## EXERCISE OBJECTIVE
The listing is to be repeated exactly, and its pictures are to be left out.

## DATA EXCERPT

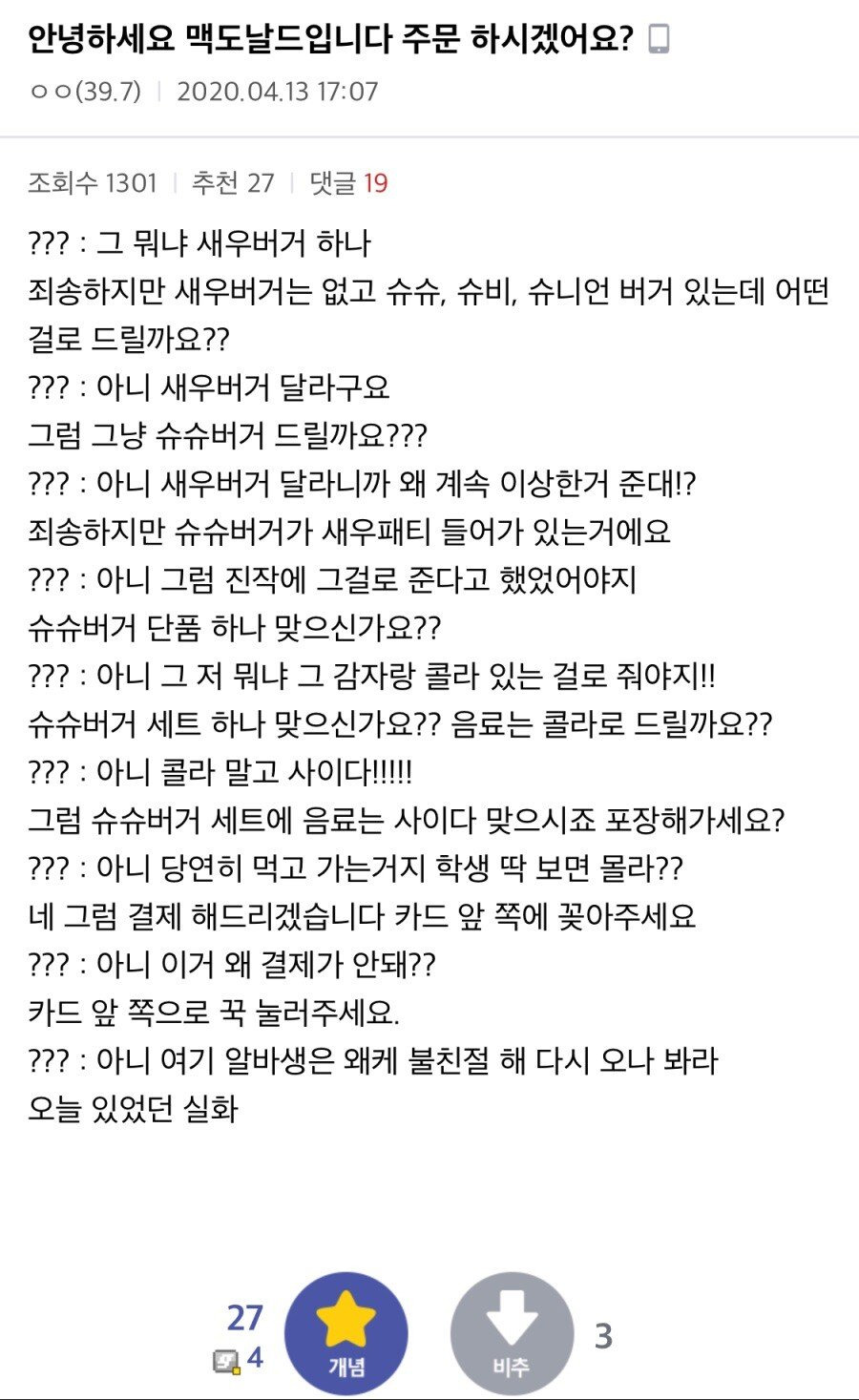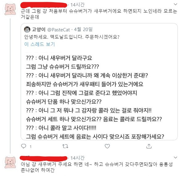 난 알바가 1차적으로 잘못했다고 봄 걍 슈슈버거가 새우버거에요 한마디만 했으면 저렇게까지 갈 일이 없는데 나이 드신분들이 주문서 봐도 모른분들 뭐가 뭔지 모를수도 있다고 봄
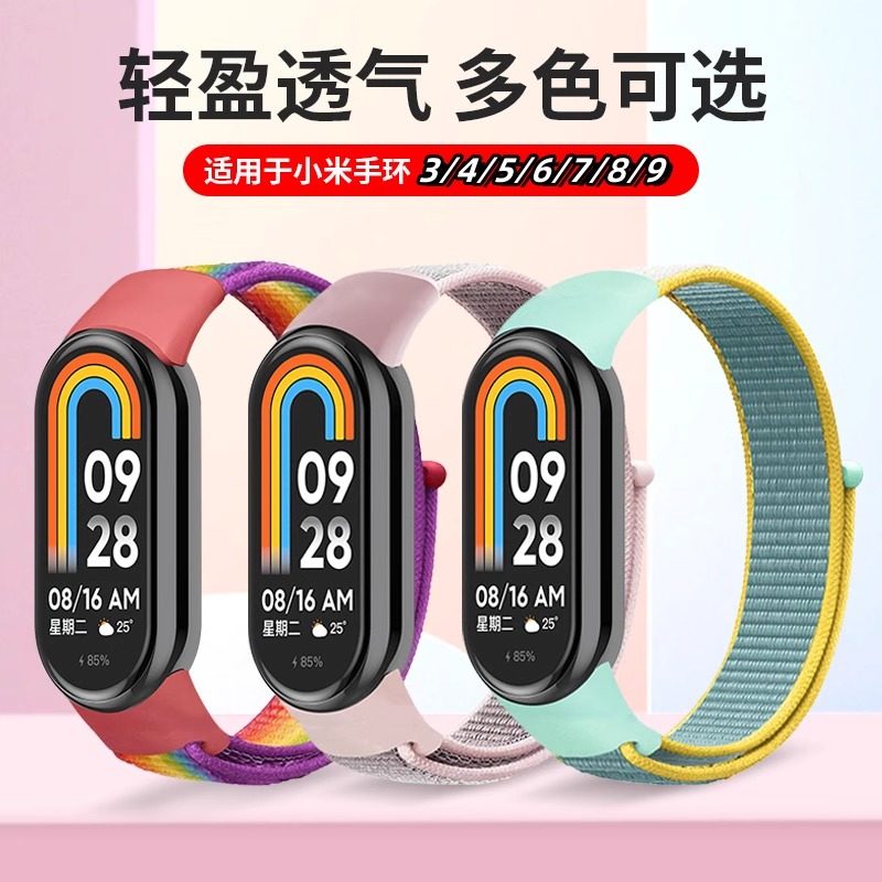 适用小米手环10/9/8/7/6/5/4/3/NFC通用尼龙回环腕带运动透气高级感时尚表带个性小众经典同款非原装智能配件
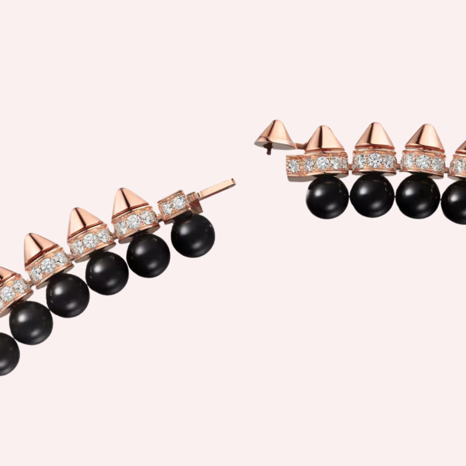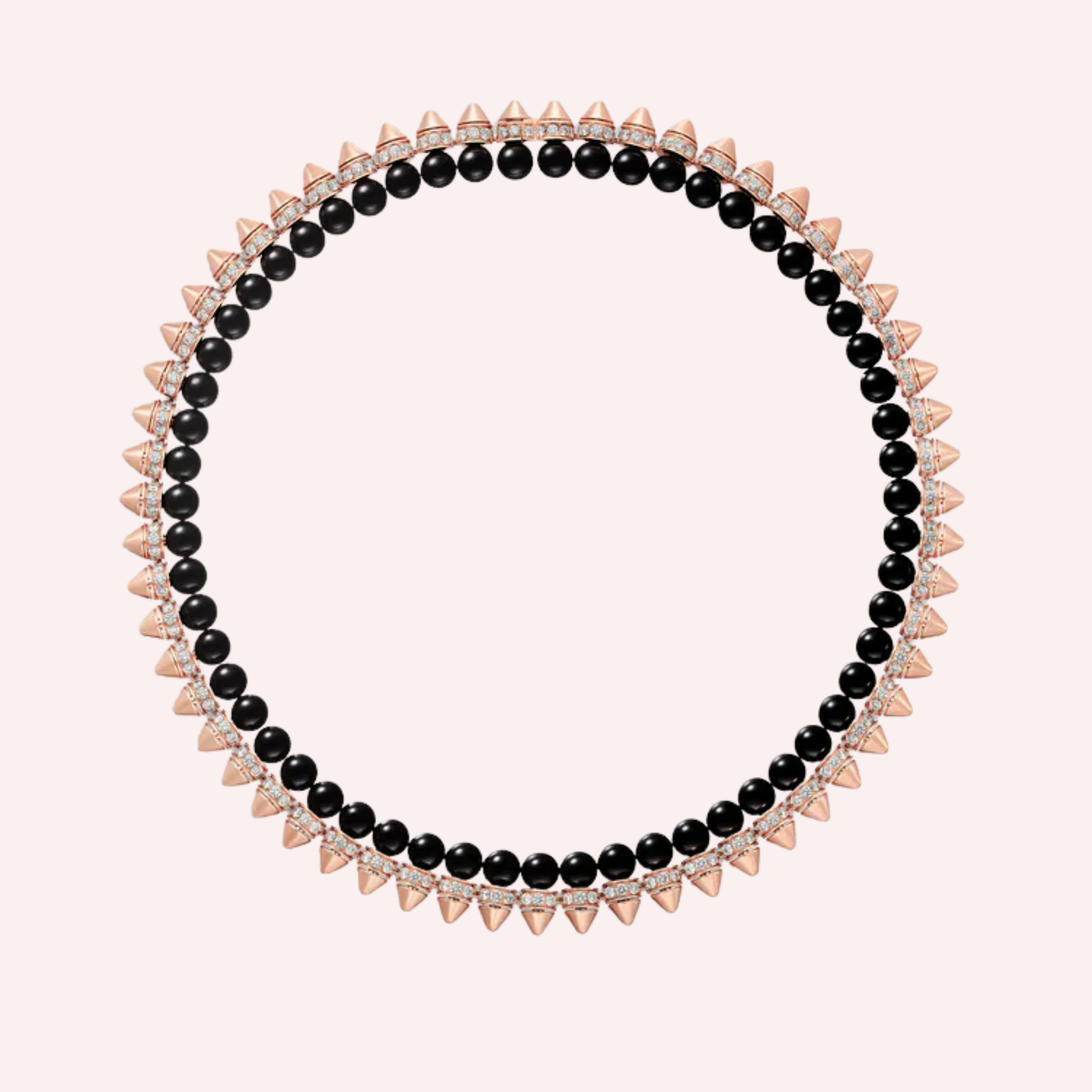 Accented with striking onyx elements and illuminated by diamonds, the necklace offers a dramatic balance between depth and brilliance. The supple construction allows the piece to move fluidly with the wearer, while the rich contrast of rose gold, deep black onyx, and sparkling diamonds creates a commanding statement of modern luxury—distinctive, powerful, and unmistakably Cartier.

## EXPECTED ANSWER
 난 알바가 1차적으로 잘못했다고 봄 걍 슈슈버거가 새우버거에요 한마디만 했으면 저렇게까지 갈 일이 없는데 나이 드신분들이 주문서 봐도 모른분들 뭐가 뭔지 모를수도 있다고 봄
 适用小米手环10/9/8/7/6/5/4/3/NFC通用尼龙回环腕带运动透气高级感时尚表带个性小众经典同款非原装智能配件
 Accented with striking onyx elements and illuminated by diamonds, the necklace offers a dramatic balance between depth and brilliance. The supple construction allows the piece to move fluidly with the wearer, while the rich contrast of rose gold, deep black onyx, and sparkling diamonds creates a commanding statement of modern luxury—distinctive, powerful, and unmistakably Cartier.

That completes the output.